First, I want to show $Gal(L|F)$ acts on the set of conjugates {$ σ_1K, · · · , σ_rK $}. Second, if we can show the isotropy subgroup of $K$ or $Stab_{Gal(L|F )}(K)$ is the normalizer subgroup $N$, then I think the desired result can be deduced from the Fundamental Theorem of Group Actions, if I am not mistaken. But I am not sure of the details hmm~
Let $G=Gal(L/F)$ and $H=Gal(L/K)$ be the subgroup corresponding to the intermediate field $K$. Let $\sigma\in G$ be arbitrary. By basic properties of group actions (also easy to verify as an exercise, ask if you need help in this step) $\sigma(K)$ is the field of fixed points of the conjugate subgroup $\sigma H\sigma^{-1}$.
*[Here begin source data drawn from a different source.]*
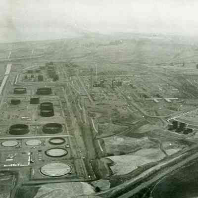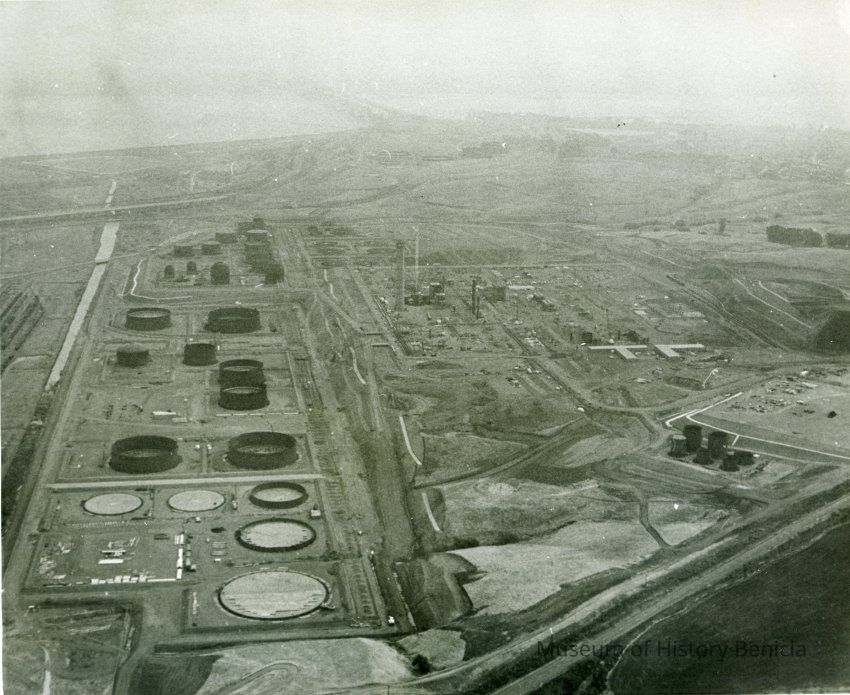 looking east: (hazy conditions) at top: can faintly see Carquinez Straits, SP Railroad and Benicia/Martinez bridges; across above center: hiway 680, railroad tracks, graded areas, some storage tanks under construction; across center: narrow water inlet, storage tanks in various stages of completion, refinery equipment being assembled, smoke stack is visible, buildings and terraced area; across bottom: storage tank pads, empty fields, more partially completed tanks and a number of vehicles.Collection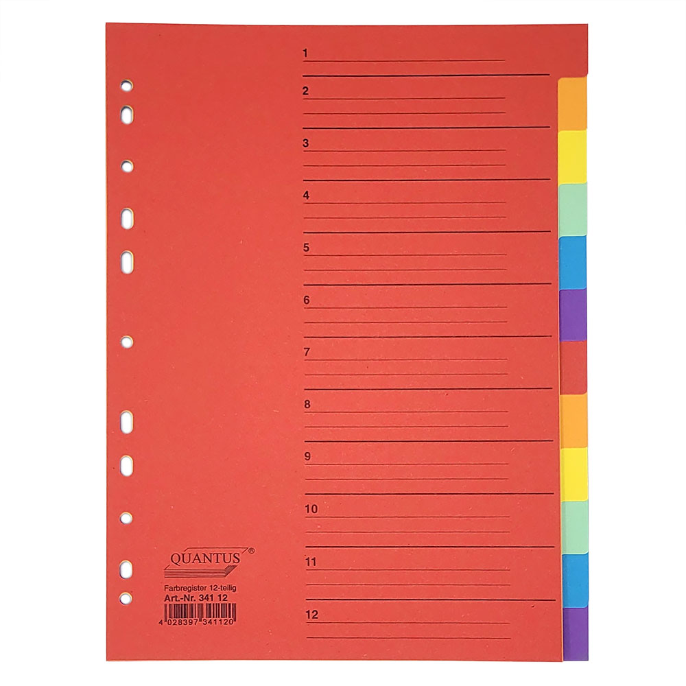 Разделители листов для папок-регистраторов и архивных папок от немецкого производителя Quantus из картона. Каждый лист разделителя имеет свой цвет, что облегчает поиск.
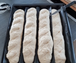 Baguette bis der Ofen heiß ist nochmal gehen lassen... - Ofen gleich nach dem Einschieben auf 220° zurückstellen!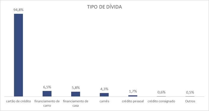 O cartão de crédito continua sendo o principal tipo de dívida no estado, representando 94,8% dos casos, ligeiramente abaixo dos 95,1% registrados no mês anterior.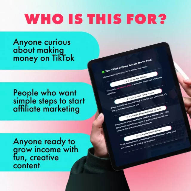 This starter pack is perfect for aspiring influencers, side hustlers, students, and anyone curious about TikTok affiliate marketing. It’s written in a lighthearted but practical style, so even total beginners can follow along with ease. Unlike lengthy eBooks or vague tutorials, this checklist is quick, actionable, and designed to help you start seeing results right away.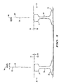 FIG. 4 is a diagrammatic depiction of parallel, transverse rail sections depicted with negative rail cant.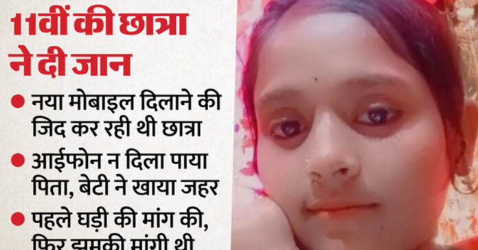 जालौन जिले के मुहम्मदाबाद क्षेत्र से एक दिल दहला देने वाली घटना सामने आई है, जहां आईफोन न मिल पाने से आहत 11वीं कक्षा की छात्रा ने जहर खा लिया। हालत बिगड़ने पर परिजन उसे मेडिकल कॉलेज लेकर पहुंचे, लेकिन इलाज के दौरान उसकी मौत हो गई। डकोर कोतवाली क्षेत्र के कुसमिलिया गांव निवासी तुलसीराम राजपूत खेती के साथ-साथ ऑटो चलाकर अपने परिवार का पालन-पोषण करते हैं। परिवार में दो बेटियां और एक बेटा है। बड़ी बेटी की शादी हो चुकी है, जबकि छोटी बेटी माया (17) गांव के राजकीय इंटर कॉलेज में कक्षा 11 की छात्रा थी। परिजनों के अनुसार, कुछ समय पहले माया का मोबाइल फोन टूट गया था। इसके बाद से वह नया फोन दिलाने की जिद करने लगी। माया खासतौर पर एक पुराना आईफोन चाहती थी, जिसकी कीमत लगभग 40 हजार रुपये बताई जा रही थी। परिवार की कमजोर आर्थिक स्थिति के चलते पिता उसकी यह मांग तुरंत पूरी नहीं कर पाए।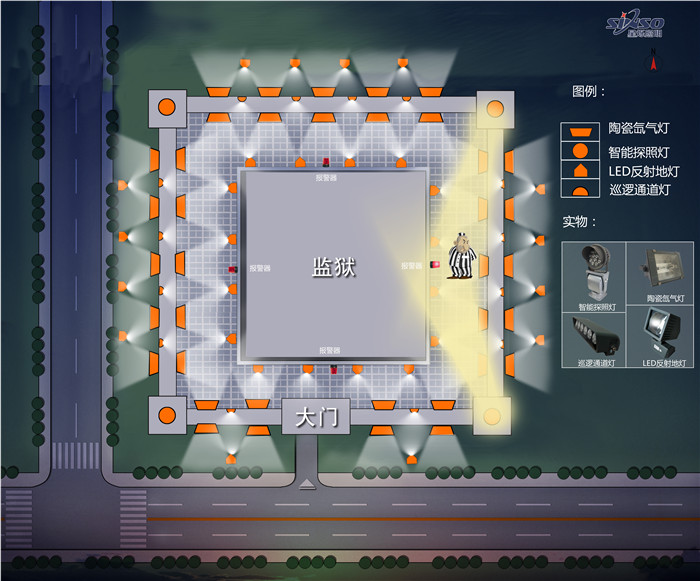 強光致盲系統(tǒng)是有陶瓷氙氣燈與報警設(shè)備聯(lián)動構(gòu)成。當(dāng)無警情時,智能陶瓷氙氣燈為節(jié)能照明狀態(tài)。當(dāng)入侵目標(biāo)接近警戒區(qū),智能探照燈高亮、陶瓷氙氣燈開啟強光致盲功能,強紫外線、高亮頻閃,人眼無法直視,燈光覆蓋區(qū)域可導(dǎo)致暫時性失明。解除警報后,探照燈自動關(guān)閉并復(fù)位,陶瓷氙氣燈恢復(fù)節(jié)能照明狀態(tài)。

The Galois correspondence is bijective, so for any two automorphisms $\sigma,\sigma'\in G$ we have $\sigma(K)=\sigma'(K)$ if and only if $\sigma H\sigma^{-1}=\sigma' H\sigma'^{-1}$ if and only if $\sigma'\sigma^{-1}$ belongs to the normalizer $N_G(H)$. This means that the conjugate fields $\sigma(K)$ are in a bijective correspondence with the (left) cosets $\sigma N_G(H)$ of the normalizer.
Therefore the number of conjugate intermdiate fields $\sigma(K)$ is equal to $r=[G:N_G(H)]$ as claimed.